②検索バーの時代を終わらせる——AIエージェント「スパーキー」の野心
物理店舗での体験改革と並行して、ウォルマートはデジタルの顧客接点においても抜本的な変革を進めている。
2025年6月、ウォルマートはAIショッピングアシスタント「スパーキー(Sparky)」を正式にローンチした。その設計思想はシンプルで強烈だ——キーワード検索を、真のサービス体験で置き換えること。商品リストを眺めながら選ぶのではなく、「バーベキューをしたい」「平日の夕食を考えたい」と目標を告げれば、スパーキーが計画し、推論し、完全な解決策を届ける。
スパーキーは商品検索やレビューの要約といった機能にとどまらず、日用品の自動再注文、サービス予約にも対応し、テキスト・画像・音声・動画を理解するマルチモーダルなエージェントへと進化する計画だ。「今夜の夕食は?」という問いかけが、家族全員が喜ぶ1週間のミールプランと、カートへの自動追加に変わる——ウォルマートが描く未来はそこにある。
当時のCEOダグ・マクミロンはこう語った。「長年にわたり、eコマースのショッピング体験は検索バーと長い商品リストで構成されてきた。それが変わろうとしている。マルチメディアで、パーソナライズされ、文脈を理解するネイティブAI体験が到来しつつある。」
ウォルマートのCTO・スレシュ・クマーは「ウォルマートはエージェントにすべてを賭けている。エージェントは私たちがやることのあらゆる側面において、生活をシンプルにできる」と断言する。
外部プラットフォームへの展開も積極的だ。ウォルマートはスパーキーをChatGPTやGeminiに直接統合する計画を進めており、AI加速担当EVPのダニエル・ダンカーは「スパーキーの体験が、私たちが統合するすべてのプラットフォームに直接届けられるようになる」と述べている。
ただし、現実のユーザーとのギャップも直視されている。ウォルマート自身の調査では、回答者の46%が「AIエージェントにショッピング全体を任せることはない」と答えており、AIへの信頼は低リスクな購入(日用品など)ほど高く、高額品や感情的に重要な商品ほど信頼のハードルが上がると分析されている。だからこそウォルマートは、まず日常の繰り返し購入から自動化を進めるアプローチを取っている。
二つの戦略をつなぐ「同一の哲学」
ラピッド・リモデルとスパーキーは、それぞれ異なるレイヤーの施策だ。一方は「工事中の不便」という摩擦を消し、より快適な店舗環境を素早く届ける。もう一方は「検索と選択」という認知的摩擦を消し、意図から購買完了までを一気通貫で支援する。
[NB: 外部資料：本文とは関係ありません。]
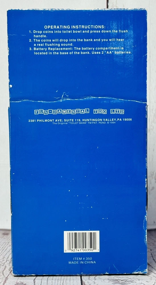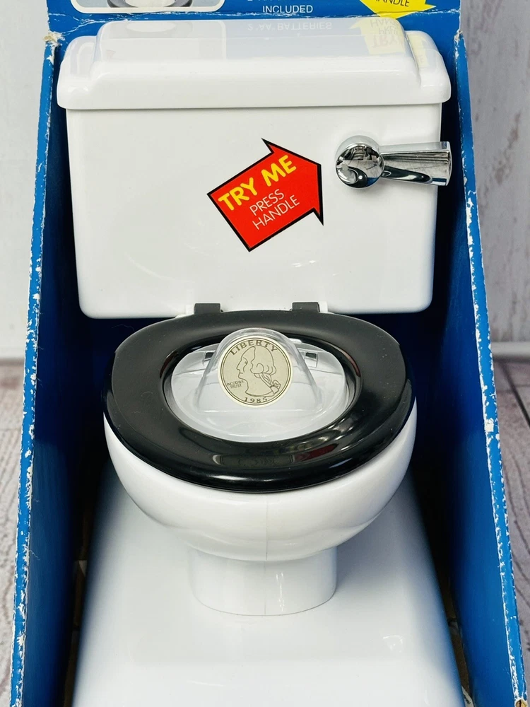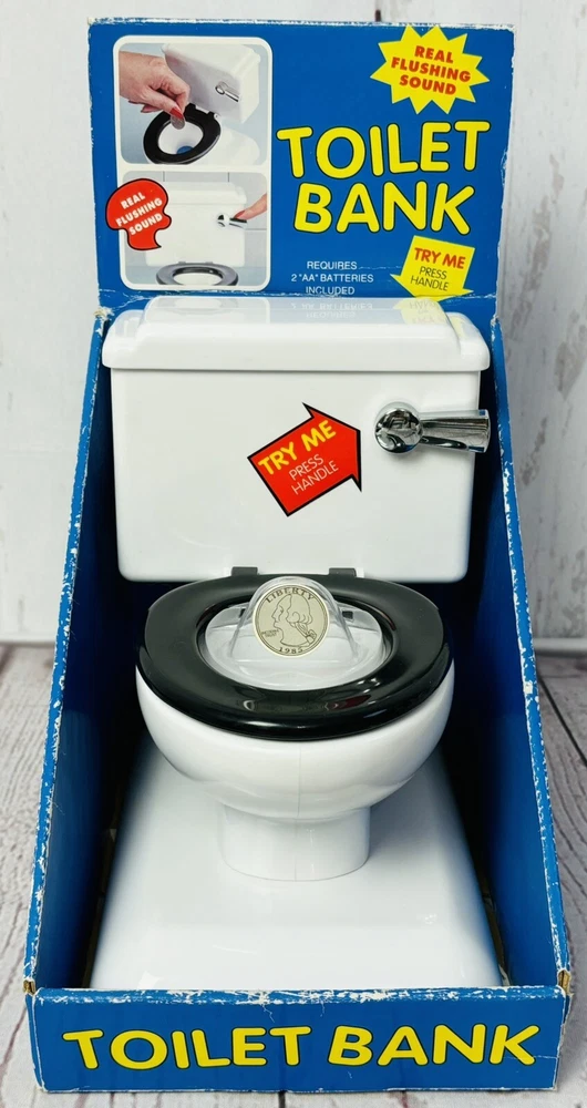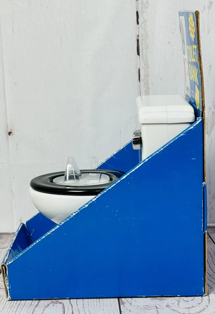 Original packaging has quite a bit of wear - see pictures This unique collectible item is perfect for anyone who loves vintage toys and quirky decor. It features a realistic flushing sound and is made of durable plastic material. The toilet coin bank is a great addition to any collection, and its brand, Fun-Damental Too LTD, adds to its value. It makes a great gag gift for a loved one or for anyone who appreciates unique and quirky items.

しかし目指す場所は同じだ。顧客が時間とエネルギーを無駄にせず、必要なものを最短で手に入れられる世界——それがウォルマートの言う「摩擦ゼロの買い物体験」である。物理とデジタルの両軸でその哲学を同時に実行できる小売業者は、世界でもほとんど存在しない。時価総額がおよそ1兆ドルを初めて超えた今もなお、ウォルマートはイノベーションの手を緩めていない。その姿勢こそが、競合他社との最大の差異化要因かもしれない。